The famous Talley family resemblance that gave the seven brothers their distinctive looks had had an unfortunate effect in Rachel’s case. The pronounced nose that looked noble on the men simply looked horsey on her face; the blonde hair had no life nor curl to lend her beauty, so she wore it in a limp braid. The brothers all grew up tall and recognizable; Rachel was just lanky and homely. But she was Nathaway’s confidante and ally.
He closed the door and turned to tell her. “I did it,” he said. “I quit law school.”
“Oh no,” she breathed. Her face gave him a preview of the horror that would ripple through the Talley household at the news.
“I was going to flunk contracts and legislative theory anyway,” he said. “So better to save everyone the embarrassment.” They had all grown up knowing that everything they did reflected on the others. Their father had always said it didn’t matter what they chose to do in life, so long as they were better than anyone else at it. It had seemed like a fair enough rule till Nathaway had had trouble figuring out what, if anything, he was any good at.
“How are you going to tell the judge?” Rachel said, meaning their father.
“Wait, you haven’t heard it all.” He drew a deep breath. “I’m leaving Fluminos.”
“What? Where?”
“They’re recruiting law students to go to the Forsaken Islands,” he said.
“The Forsakens!” she protested. “There’s nothing there but pine trees and savages.”

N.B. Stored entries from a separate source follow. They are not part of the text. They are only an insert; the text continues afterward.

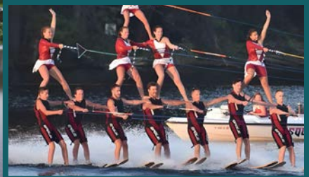
X-Squad Water Ski Show Team
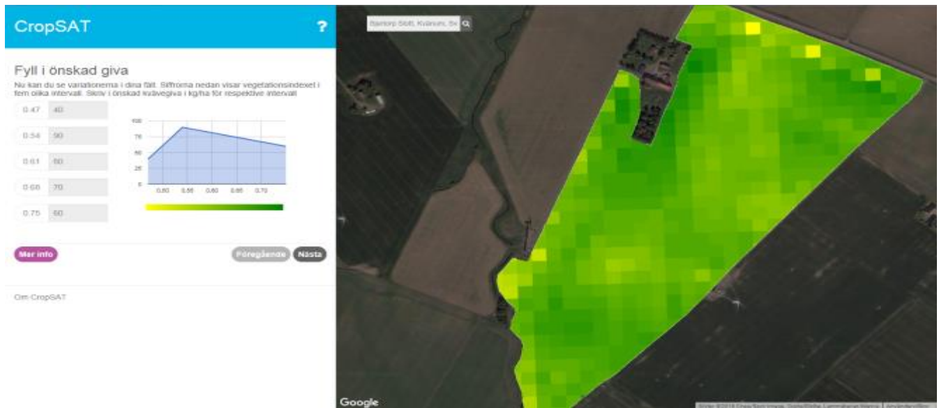
Figure 1a. Vegetation index (VI) displayed on Google Maps, where the user must enter five levels of nitrogen fertilisation compared with the coloured scale.

thematically (Patton, 2004). It should be noted that in Sweden farmers pay for most of the extension work to improve agricultural production issues. In this paper, the participating advisors were categorised as independent according to Kuehne's and Llewellyn's (2017) taxonomy because they were either employed by the Rural Economy and Agricultural Societies in different regions or by a private firm, but were not resellers. According to Klerkx's et al. (2017) typology they would be considered part of an elitist fraction of the national extension system.
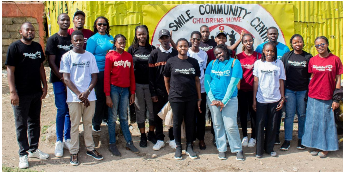
The Tuendelee Foundation team during a visit to Smiles Children Centre
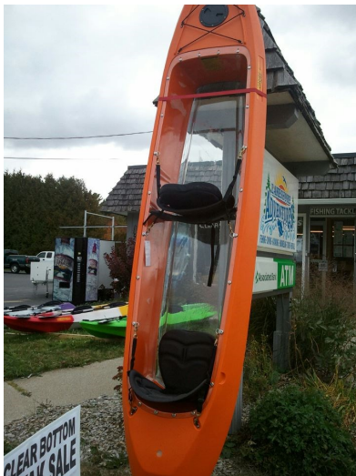
Clear Bottom Kayaks
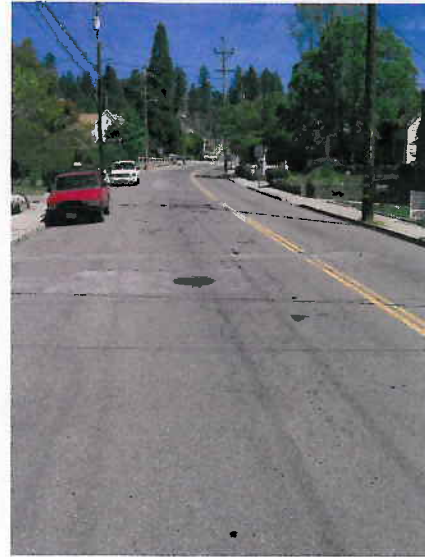
- VIEW - West Empire Street ( looking east)
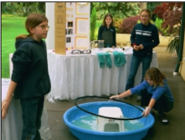
Bear Creek students' surface tension tester.
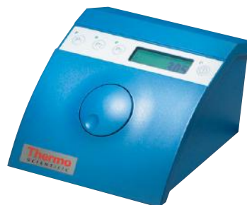
Cimarec i Teleomodul 40C and 20C Controller
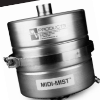
Oil Mist Eliminators
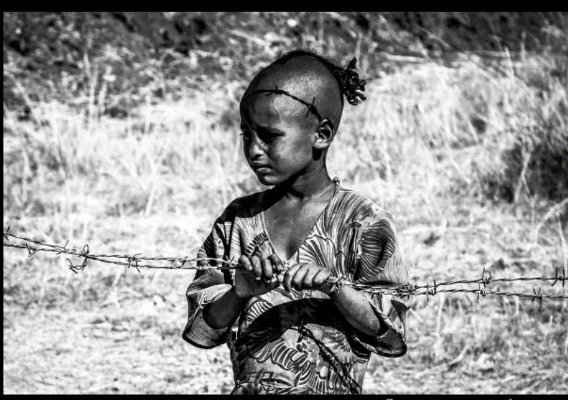
Down To The Wire 2014

HORIZON is currently represented by Emmanuel Fremin Gallery NYC
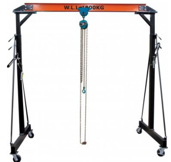
K088 Mobile Girder Rail Gantry Package Deal
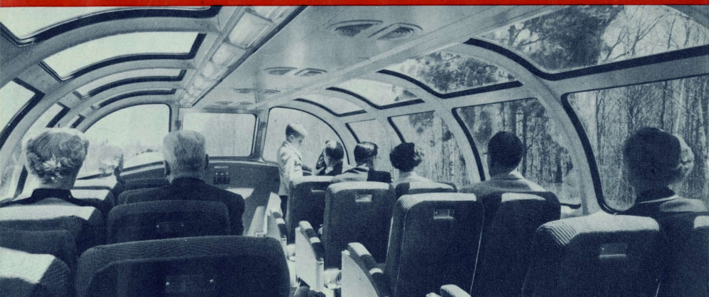
Plenty to see from a seat atop the coaches—and arching windows to make sight-seeing a thrill!
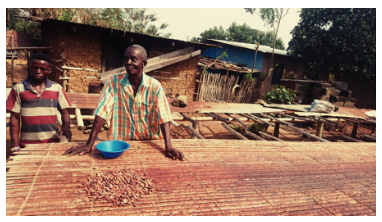
A farmer and his grandson stand beside the cocoa bean drying rack near their home.

goods at home', and their first batch was produced in 2016. While the business has slowly expanded, it has experienced significant challenges. One of the founders describes the hurdles they have faced, including the difficulty of registering a business and the cost and instability of power (crucial for such a hot environment, where the AC must run continuously). Most importantly, the highly-centralised system makes it nearly impossible for local producers to source cocoa supplies, as almost all the country's harvest is channeled to exports or larger local companies and it is impossible to purchase cocoa directly from farmers.

“That’s the whole point. The Court’s going to be expanding our presence in the Forsakens, developing some of the poor and primitive areas. They need observers to make sure it’s all going according to the law. We’re to be like Justices of the Peace, adjudicating disputes and so forth. They have no courts or judiciary there, no advocates or trial by jury. It’s barbaric, and unscrupulous people could take advantage.”
“But can you do that without a degree?”
He shrugged. “They took me.” Of course, like everything else, he could not know whether it was because of himself or his name. “I’m to leave in two weeks.”

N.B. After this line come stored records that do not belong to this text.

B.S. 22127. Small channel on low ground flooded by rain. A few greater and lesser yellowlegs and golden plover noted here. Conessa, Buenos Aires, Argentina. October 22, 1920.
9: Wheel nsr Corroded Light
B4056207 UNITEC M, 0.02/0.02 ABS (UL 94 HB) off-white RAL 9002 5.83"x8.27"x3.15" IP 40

“Oh, Nat,” she said. “This is . . . it’s crazy.”
He looked out the window, where the snow was falling in earnest now, big fat flakes gathering on the sill. “I’m sick of this city,” he said, his voice low and intense. “I’m sick of being the last Talley in line, the only one who’s not some kind of hero. It’s all so false, like theatre. I don’t want to play a part; I want to do some actual good in the world.”
“You will,” Rachel said. “You’ll be a hero, Nat. Just
give yourself time.”
He sat on the bed facing her, crossing his long legs underneath him, his bony knees sticking up. “You should have heard the recruiter talk about the Forsakens,” he said. “We’ve supposedly ruled them for years, but we’ve done nothing to help them, just left them in a state of poverty and ignorance. They have no schools, no doctors. We’ve let the most horrible superstitions persist. Did you know they still practice a kind of human sacrifice?”
“No!”
“Yes. There’s a race of islanders that are like their chattel, kept in bondage because of a belief that their blood can cure disease. So whenever the islanders grow ill they bleed these slaves, sometimes to death. The administration has tried to put a stop to it, but the practice is too ancient. And as long as they have no alternatives, what are they supposed to do but keep their traditional cures? I’ve thought that I could pick up some medical books before I leave, and show them there are better ways.”
His dry description did not do justice to the thrill of horror he had felt at the recruiter’s much more lurid account. He did not mention the overtones of sexual slavery. It was his outrage at the needless suffering, his pity for the victims, his disgust at the ignorance, that had told him this was what he had to do. Never had he felt so strongly that he was called upon to act. All his life had been an aimless, pampered game up to now. Something had sent this message to him, to fetch him to the place where he was needed.
“This is real, Rachel,” he said. “There are people who need us, right now. We’re sitting around drinking wine and shooting off firecrackers while people are suffering, people we’re responsible for. How can we call ourselves civilized if we let this kind of thing go on?”